▸ **Problem details**: Repeat exactly the lines that begin at the one containing "為了進(jìn)一步對(du" and end at the final line of the records; include no pictures and nothing else.

Records excerpted from a collection:

Content starts

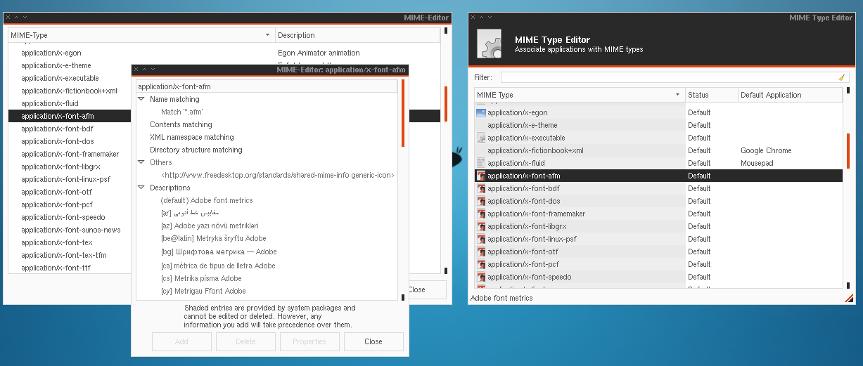 Created attachment 5048 ROX MIME-Editor vs. Xfce MIME Editor It would be nice if it would display more information about the selected mimetype eg. the pattern A tool that does it better (see screenshot) : http://rox.sourceforge.net/desktop/MIME-Editor
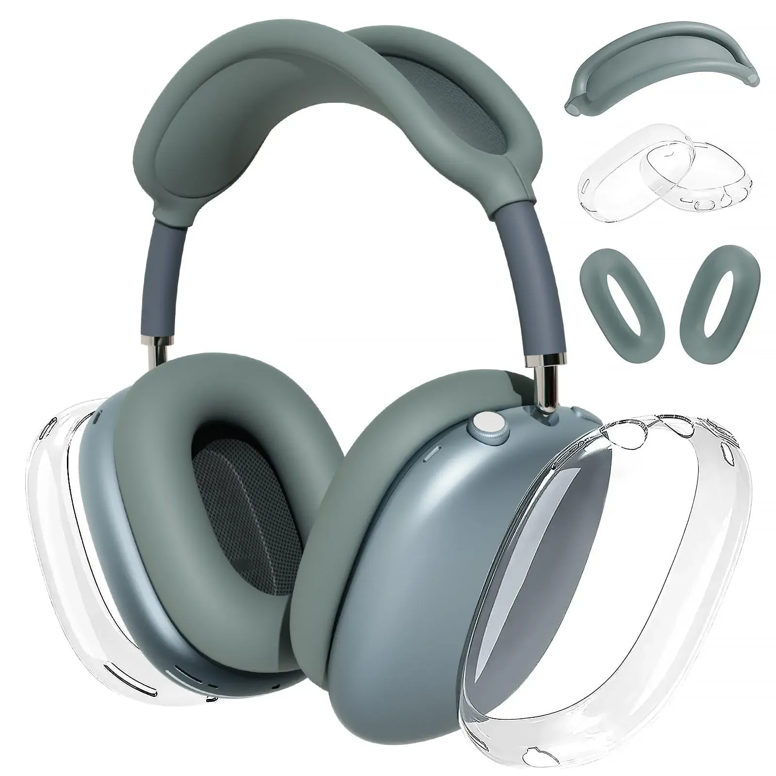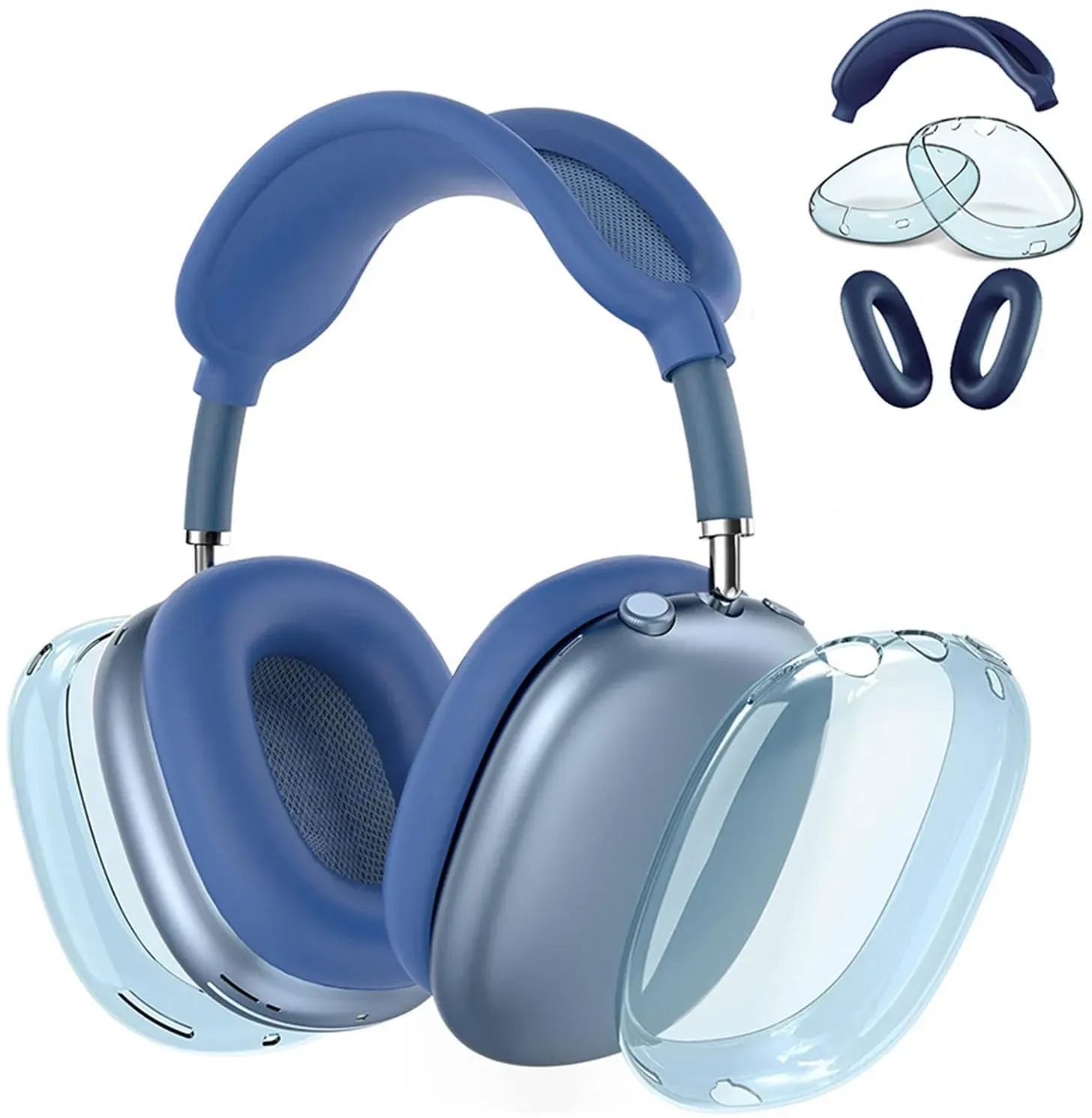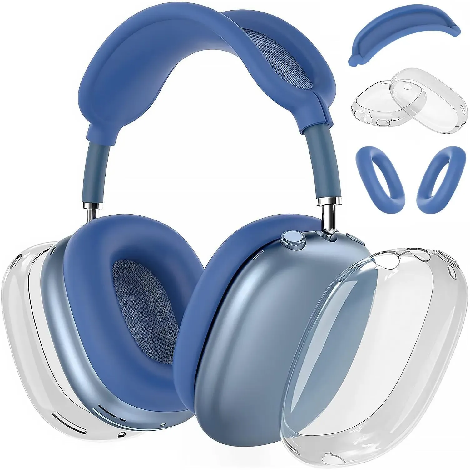 Auf Lager Versand durch AmazonFycyko 3-in-1 Hülle Kompatibel mit Airpods Max (2024/2020),Transparente Silikon Hülle, AirPods Max,Airpods Max Zubehör-Blau
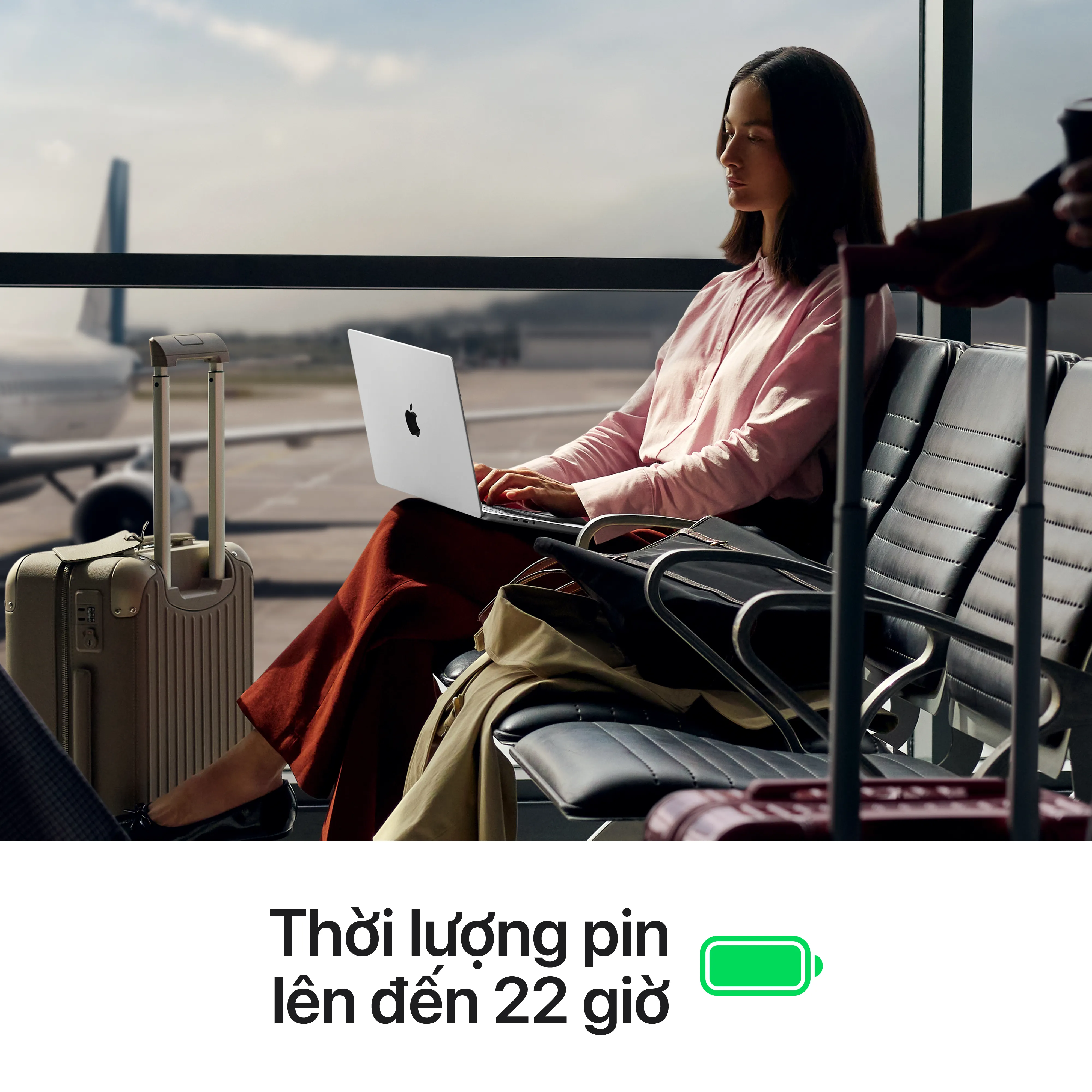 Với dung lượng pin lên tới 72,4Wh, Macbook Pro 14 M5 Pro 18CPU 20GPU 24GB 2TB phù hợp cho các hoạt động từ học tập, làm việc đến giải trí trong nhiều giờ đồng hồ. Theo thông tin từ hãng, thiết bị có thể phát video trực tuyến liên tục trong 22 giờ hoặc duyệt web qua wifi khoảng 14 giờ với điều kiện sử dụng phù hợp.
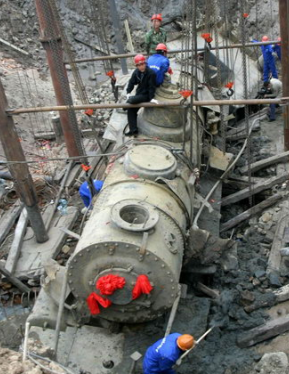 為了進(jìn)一步對(duì)機(jī)車進(jìn)行研究,有關(guān)單位負(fù)責(zé)人員決定將機(jī)車打撈上來,施工現(xiàn)場(chǎng),工人在火車兩邊搭建了幾根承重架子形成結(jié)實(shí)緊固的門形架,并在架子上懸掛了幾臺(tái)手拉葫蘆,葫蘆拉動(dòng)車體緩緩上升,在拉動(dòng)過程中,有兩臺(tái)葫蘆出現(xiàn)過故障,工作人員換上備用葫蘆后繼續(xù)扶正起吊火車。最后將其平安起吊了地面上。
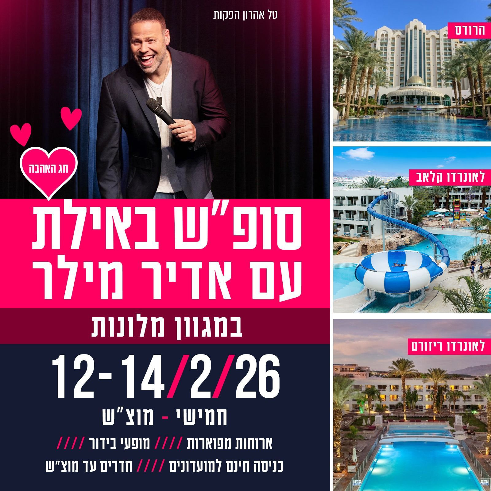 🎶 סופשבוע חג האהבה האילת כולל כניסה להופעה של אדיר מילר 🎉
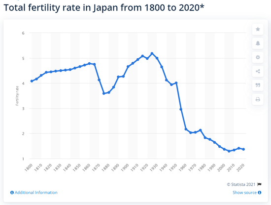 日本从1800年到2020年的总和生育率。进入21世纪后,日本总和生育率徘徊在1.4左右

Content ends

▸ **Solved exercise**:
 為了進(jìn)一步對(duì)機(jī)車進(jìn)行研究,有關(guān)單位負(fù)責(zé)人員決定將機(jī)車打撈上來,施工現(xiàn)場(chǎng),工人在火車兩邊搭建了幾根承重架子形成結(jié)實(shí)緊固的門形架,并在架子上懸掛了幾臺(tái)手拉葫蘆,葫蘆拉動(dòng)車體緩緩上升,在拉動(dòng)過程中,有兩臺(tái)葫蘆出現(xiàn)過故障,工作人員換上備用葫蘆后繼續(xù)扶正起吊火車。最后將其平安起吊了地面上。
 🎶 סופשבוע חג האהבה האילת כולל כניסה להופעה של אדיר מילר 🎉
 日本从1800年到2020年的总和生育率。进入21世纪后,日本总和生育率徘徊在1.4左右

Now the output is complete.